MARCH 13, FRIDAY

SOME MORE APPLE

I don’t have a clue, not an inkling, of how a computer works. I’ve heard mention of it all being 1’s and 0’s in some combination but have no idea what that means. And yet I live in a world where all kinds of miraculous knowledge and awareness happen all around me. And all of this is virtual, very, very real and not real at all. I am astonished that I can drive down the road and a disembodied voice in the accent of my choosing can tell me that after the next stop light, at the second stop light I should turn right. And when I get within several hundred feet of the second stop light I am told to turn right again. And however this magic is happening it is happening on every car on the road that turns on their GPS all at the same time. Even more fantastic is that I can tap on my iPhone and be connected, free, with someone in Germany or India, and can see their face and talk with them. It blows my mind.

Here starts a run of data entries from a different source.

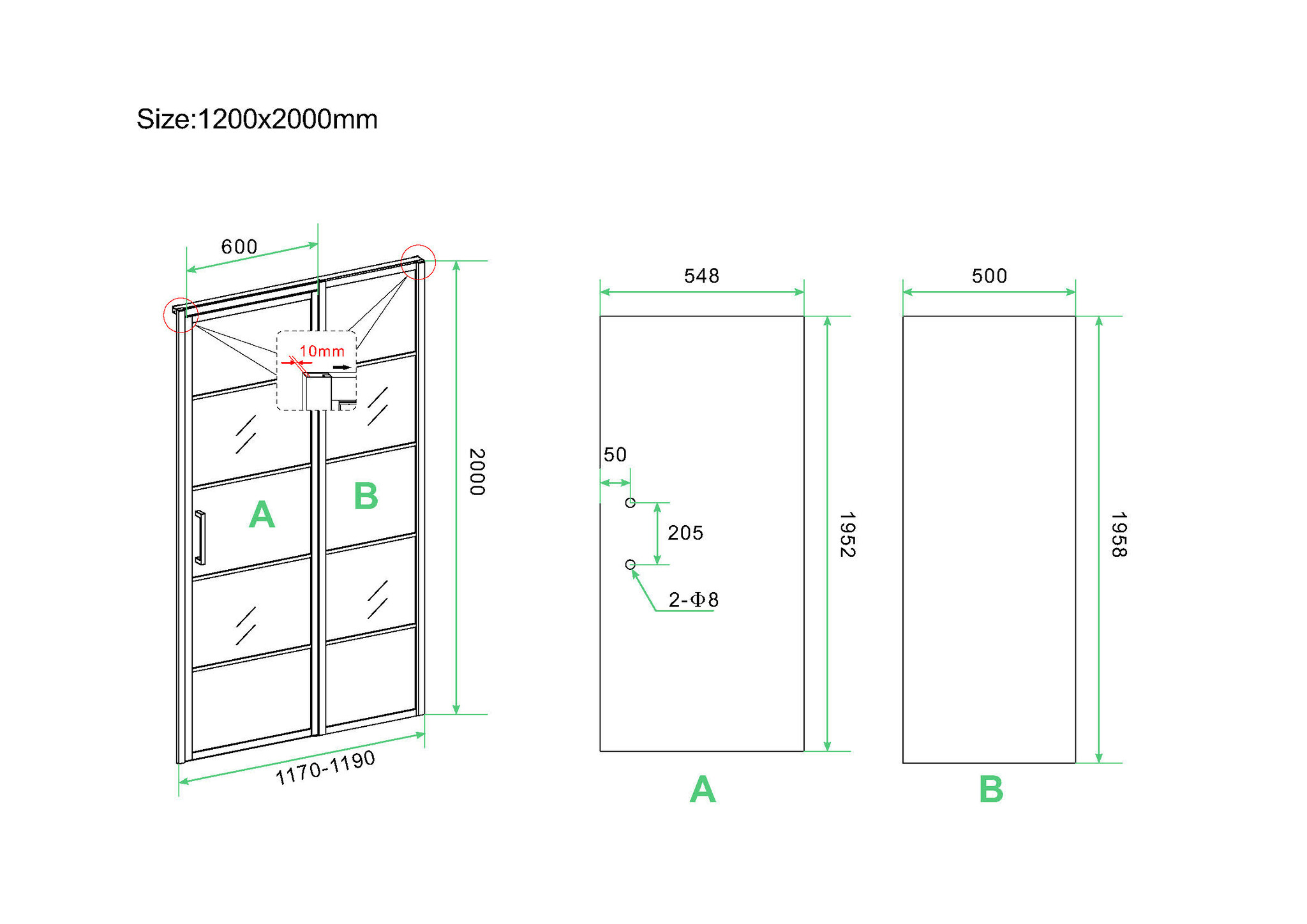De douchedeur is eenvoudig te installeren en aan te passen dankzij het verstelbare profiel. Het profiel is verstelbaar van 1170 tot 1190 mm, waardoor de douchedeur perfect past in vrijwel elke badkamer. Het profiel is gemaakt van hoogwaardig aluminium en heeft een matzwarte afwerking, waardoor het perfect past bij de rest van uw badkamer.
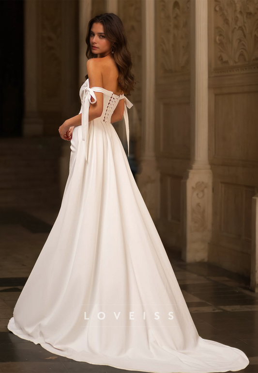 Off-Shoulder Strapless Pleated Satin Classic A-Line Wedding Dress
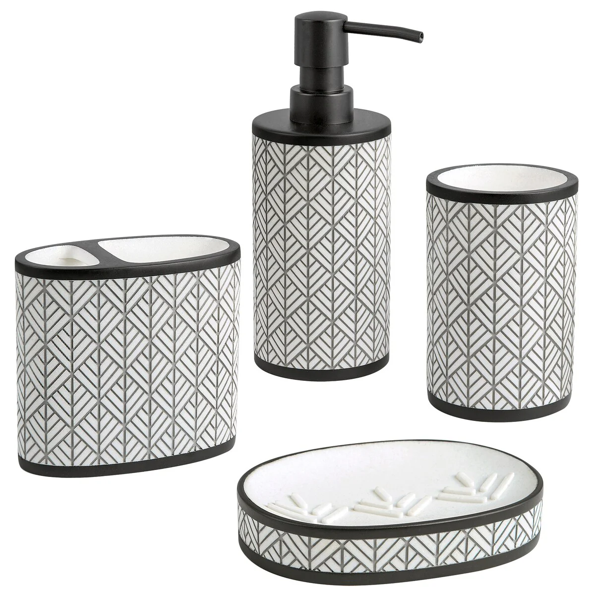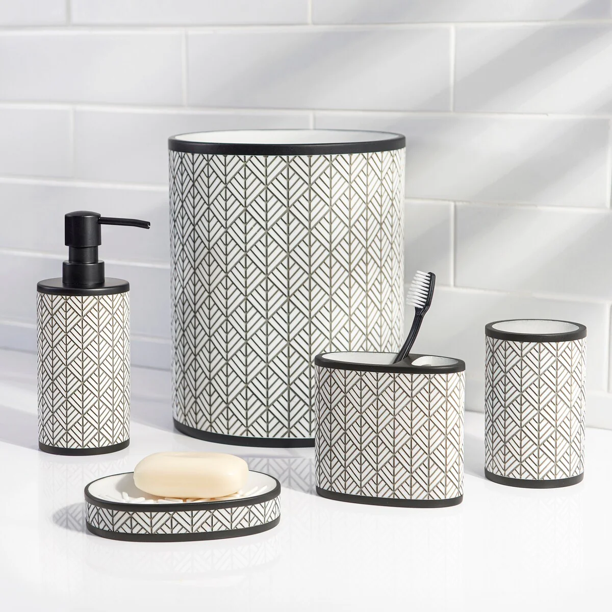 Give your bathroom a stylish update with the Shelby Soap Dish by Allure Home Creation. This oval debossed dish, crafted from resin in charcoal and white highlighted with black trim, features a sleek linear geometric pattern on both the outside and interior. This versatile accessory can be used to hold a standard size bar of soap or as a convenient spot to place your jewelry or other trinkets. This art deco inspired piece will dress your countertop with sophisticated industrialized style. Use alone or coordinate with other matching pieces in the Shelby Bath Collection. Hand Wash, Spot or Wipe Clean.
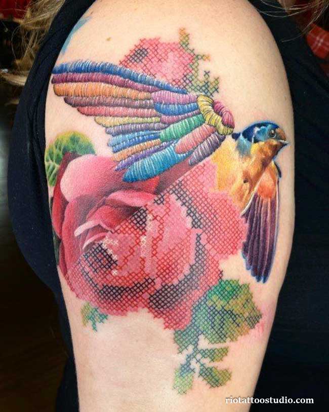 The embroidery tattoo has revolutionized the world of body art by blending the tactile charm of traditional needlework with the permanent elegance of modern tattooing. This hyper-realistic style creates an incredible optical illusion, making the ink appear as if it were actual colorful thread stitched directly into your skin.
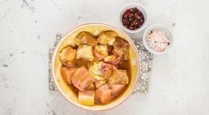 - Cortamos la carne en cubos grandes. Extendido en lo profundo capacidad, agregue todos los ingredientes para la marinada. Un plato de carne ponlo en el refrigerador por una hora.
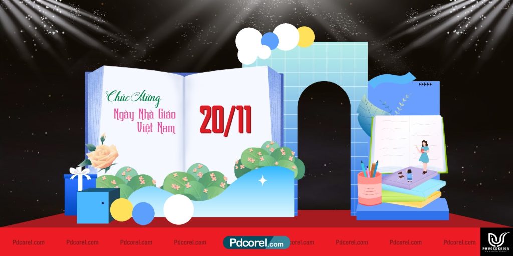 Backdrop chụp ảnh trang trí ngày nhà giáo Việt Nam 20/11 file Corel
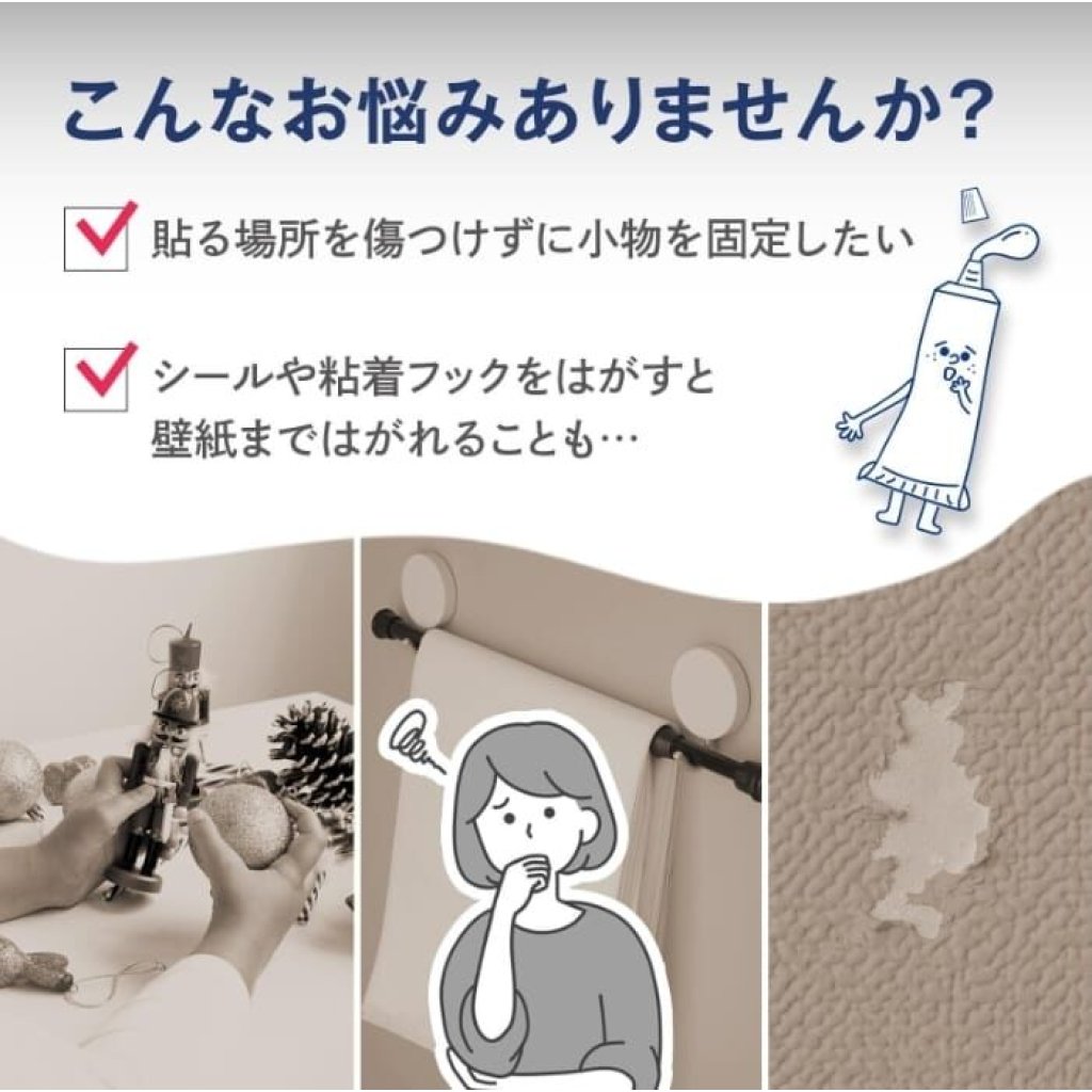 ✨即使牆上殘留黏合劑,也可以用手輕鬆去除。
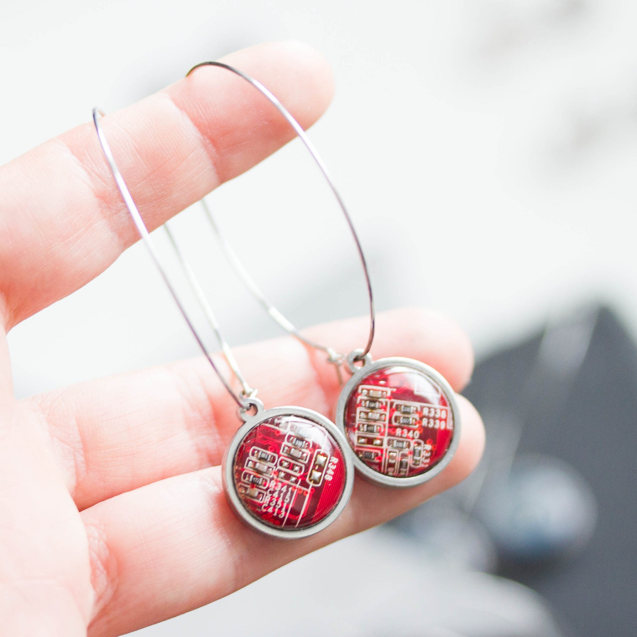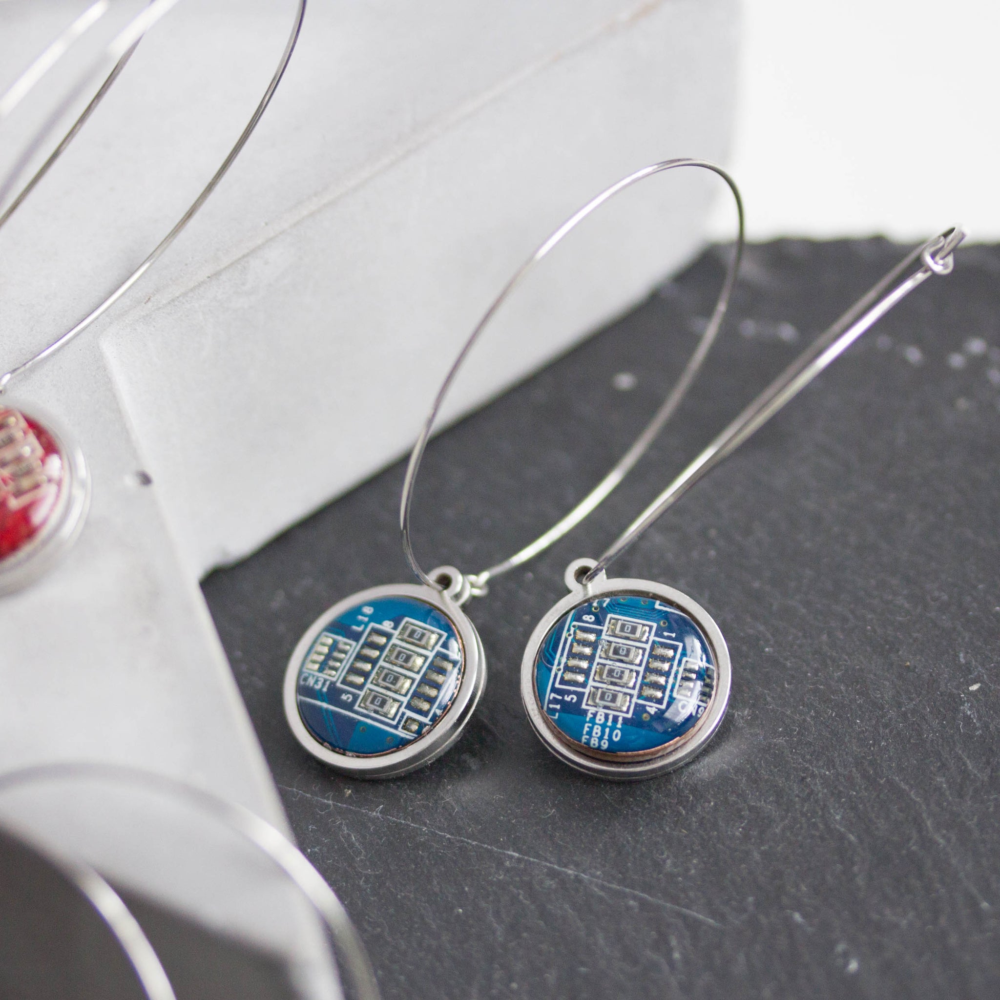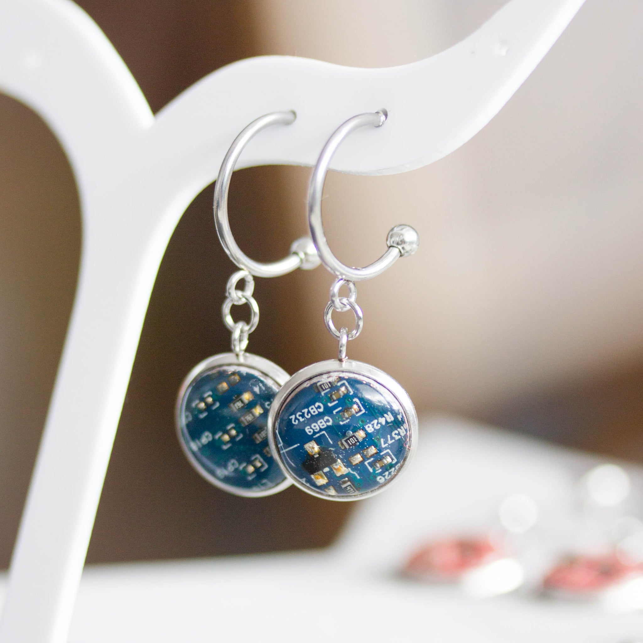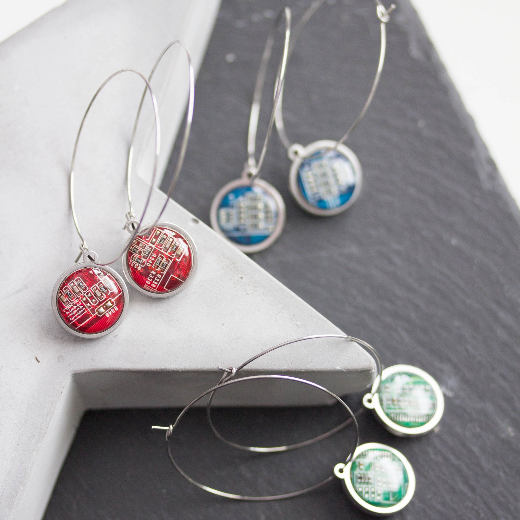 Hoop earrings with 12mm round circuit board pendants. The pendants are made from pieces of a real computer's circuit board. The surface is covered with clear resin and is as...
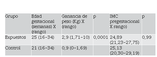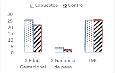 En la Fig. 1 se aprecia que la diferencia entre grupos es más evidente en el aumento del peso, más no en el IMC en el que incluso el grupo de no expuestos tuvo valores mayores.
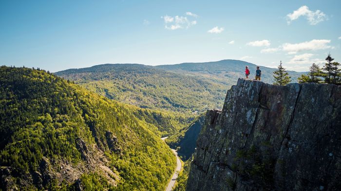 The mountains offer numerous trails and lookouts and some world class hiking. Cathedral Ledge in Bartlett rises above the Saco River Valley, its granite face offering sweeping views. Nearby, Diana’s Baths consists of smooth granite rocks and boulders where small waterfalls cascade into natural pools. These are popular for cooling off in summer, especially after a day of hiking where you’ll also take in views of surrounding peaks like Mount Chocorua.
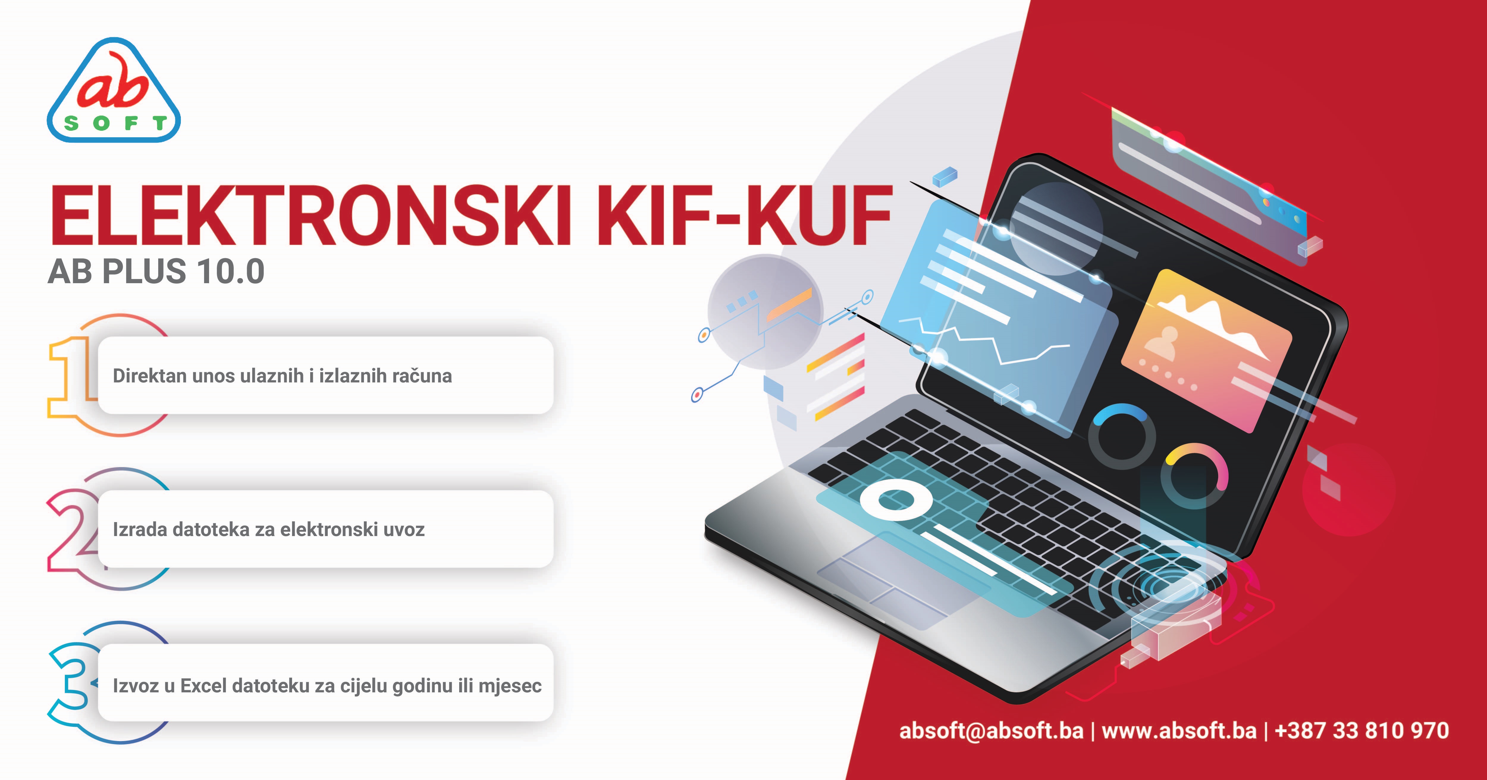 Elektronski KUF i KIF AB PLUS 10.0 (Moze samo kao modul ili u sklopu kompletnog programa) specijalizovani je program za vodenje KUF-a (Knjige ulaznih faktura) i KIF-a (Knjige izlaznih faktura) i elektronsku predaju UIO. Može raditi kao zaseban program ili biti korišten zajedno s Robnim-Materijalnim Knjigovodstvom i Finansijskim Knjigovodstvom za atomatsko knjiženje.

I was born in the Landour Community Hospital in Landour, India in the colonial world which came about because of the steam engine and industrialization of England which led to the domination of India. I lived in the huge house of my missionary parents with twenty foot ceilings and, in order to live at an American standard of living, with no modern conveniences, not a refrigerator or electric stove, washing machine or lawnmower we had more than ten servants who cooked, washed clothes, swept the floor and cut the grass, people whom I didn’t know and barely paid attention to. A modern technology free life.

In my lifetime of 88 years the world has been transformed around me again and again and again: radio, automobiles, television, air travel and then the speed up of all kinds of technology which these days has become a whirlwind of change that is getting faster and faster until it is about to explode through AI. And I don’t understand any of it. I accept each change and adapt and assume that it is normal, functioning through these changes in an ignorant and intuitive way. It just works.

But at the same time the computer as a magic typewriter, the IPhone as a way to sit beside distant people, eye to eye, and smile and talk seems natural and even ordinary.

So the reason why Apple: The First Hundred Years fascinates me so much is because it gives me a hint of how this rapid transformation has happened.